What you need to do – Your response should contain each line of the data that includes "Jonge".

Stored records
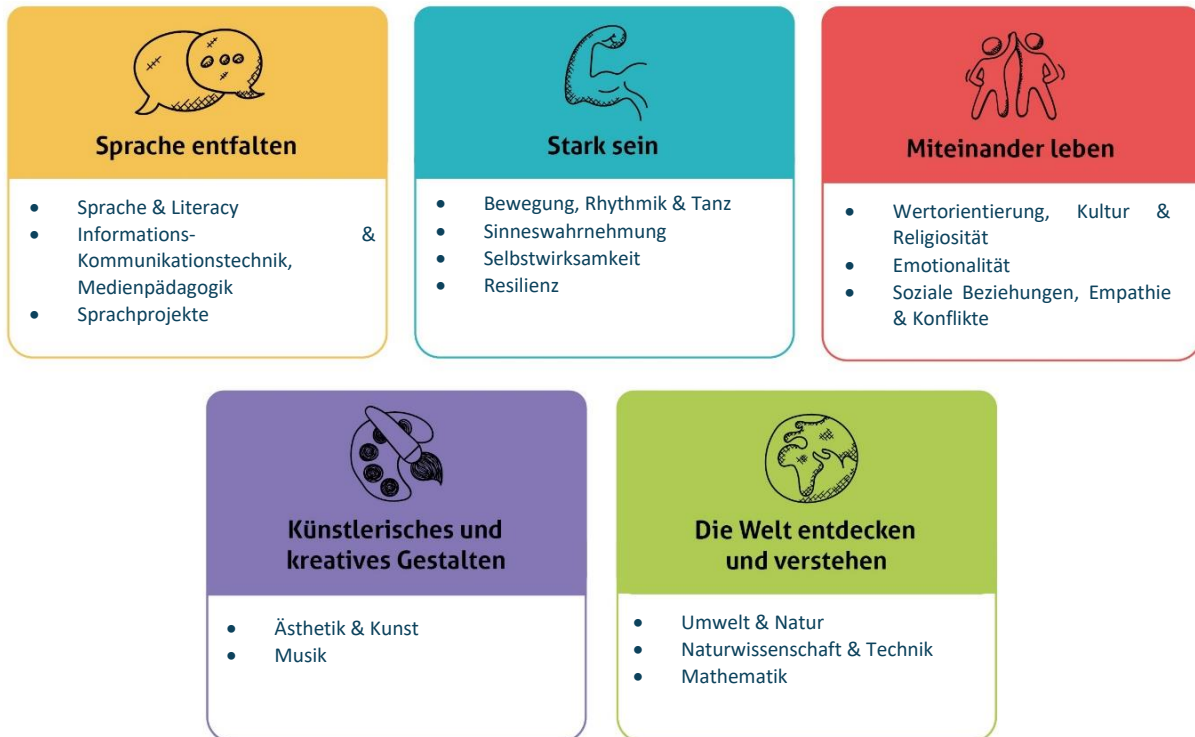
Abbildung 1: Die fünf Erfahrungsbereiche von Denk mit Kita für eine ganzheitliche Bildung

Wir sehen die Basiskompetenzen als Grundlage für weiteres Lernen. Sie dienen der Persönlichkeitsentwicklung und sind der Grundstein für die Interaktion und Auseinandersetzung mit anderen Individuen und unserer Umwelt. Die Basiskompetenzen werden im Kleinkindalter vorwiegend über Bewegung im freien Spiel und im Alltag entwickelt sowie durch eigene Erfahrungen und Erlebnisse gefestigt. Die Umsetzung der genannten Bildungs- und Erziehungsziele erfolgt durch unsere fünf Erfahrungsbereiche. So ist es uns möglich in unserer pädagogischen Arbeit alle Erfahrungsbereiche in der Woche aufzugreifen und ganzheitliche Bildung zu garantieren. Zudem können wir diese für die Familien in unseren Wochenplänen sichtbar dokumentieren. Die Bereiche dienen den Mitarbeiter:innen zur Orientierung und als Leitfaden für die Planung und Umsetzung vielfältiger Projekte. Nach dem Prinzip der ganzheitlichen Bildung stellen unsere fünf Erfahrungsbereiche ein vielfältiges Angebot dar, in dem unsere Kinder mit allen Sinnen und vollem Körpereinsatz die Welt erforschen dürfen.
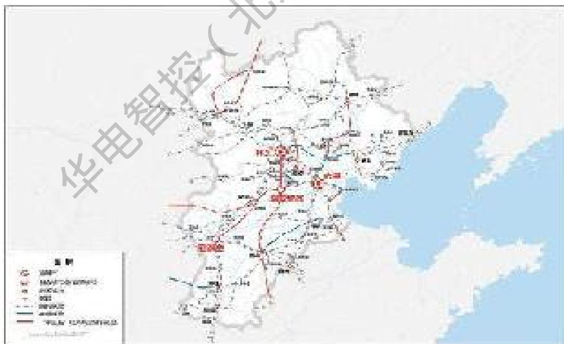
图 31-1 京津冀地区轨道交通规划图

紧抓疏解北京非首都功能“牛鼻子”，构建功能疏解政策体系，实施一批标志性疏解项目。高标准高质量建设雄安新区，加快启动区和起步区建设，推动管理体制创新。高质量建设北京城市副中心，促进与河北省三河、香河、大厂三县市一体化发展。推动天津滨海新区高质量发展，支持张家口首都水源涵养功能区和生态环境支撑区建设。提高北京科技创新中心基础研究和原始创新能力，发挥中关村国家自主创新示范区先行先试作用，推动京津冀产业链与创新链深度融合。基本建成轨道上的京津冀，提高机场群港口群协同水平。深化大气污染联防联控联治，强化华北地下水超采及地面沉降综合治理。
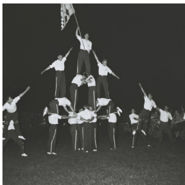
1945 Jonge mannen die een pyramide bouwen,

Naast hard werken deed een aantal jonge boeren ook aan georganiseerd sporten om de conditie op peil te houden. Daarvoor kende de Jonge Boerenstand (RKJB) een sportclub. Die hield zich vooral bezig met turnen.
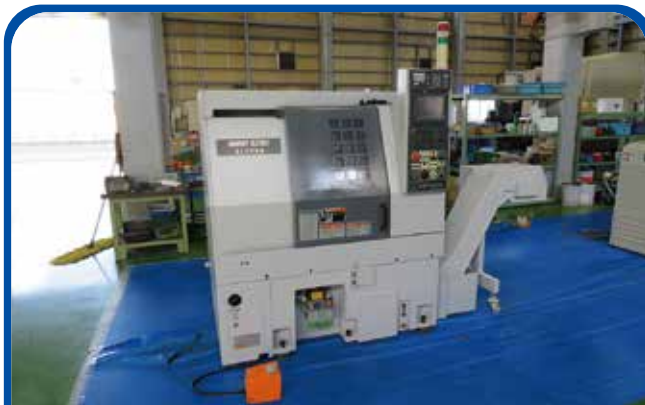
ドラム形NC旋盤(森精機) (高崎) 2007年 CL2000B 制御 MSC-805V 300万円 税込330万円
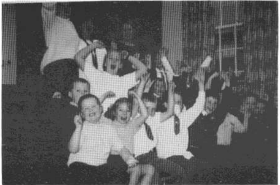
Parti agor Clwb Carco y Dolau

Dwi'n ymffrostio yn llwyddiannau'r Fenter Iaith bob mis a gellid dweud bod llawer o lwyddiannau eraill hefyd - Mudiad Ysgolion Meithrin, Urdd Gobaith Cymru ers blynyddoedd lawer, Merched y Wawr, CYD, Addysg Gymraeg, Rhieni Dros Addysg Gymraeg, Radio Cymru, S4C un ac S4C dau ac S4C digidol, Menter a Busnes, Cymraeg i Oedolion a hyd yn oed Bwrdd yr Iaith Gymraeg. Ond ydyn ni'n gwneud yn dda mewn gwirionedd?

Output below –
1945 Jonge mannen die een pyramide bouwen,
Naast hard werken deed een aantal jonge boeren ook aan georganiseerd sporten om de conditie op peil te houden. Daarvoor kende de Jonge Boerenstand (RKJB) een sportclub. Die hield zich vooral bezig met turnen.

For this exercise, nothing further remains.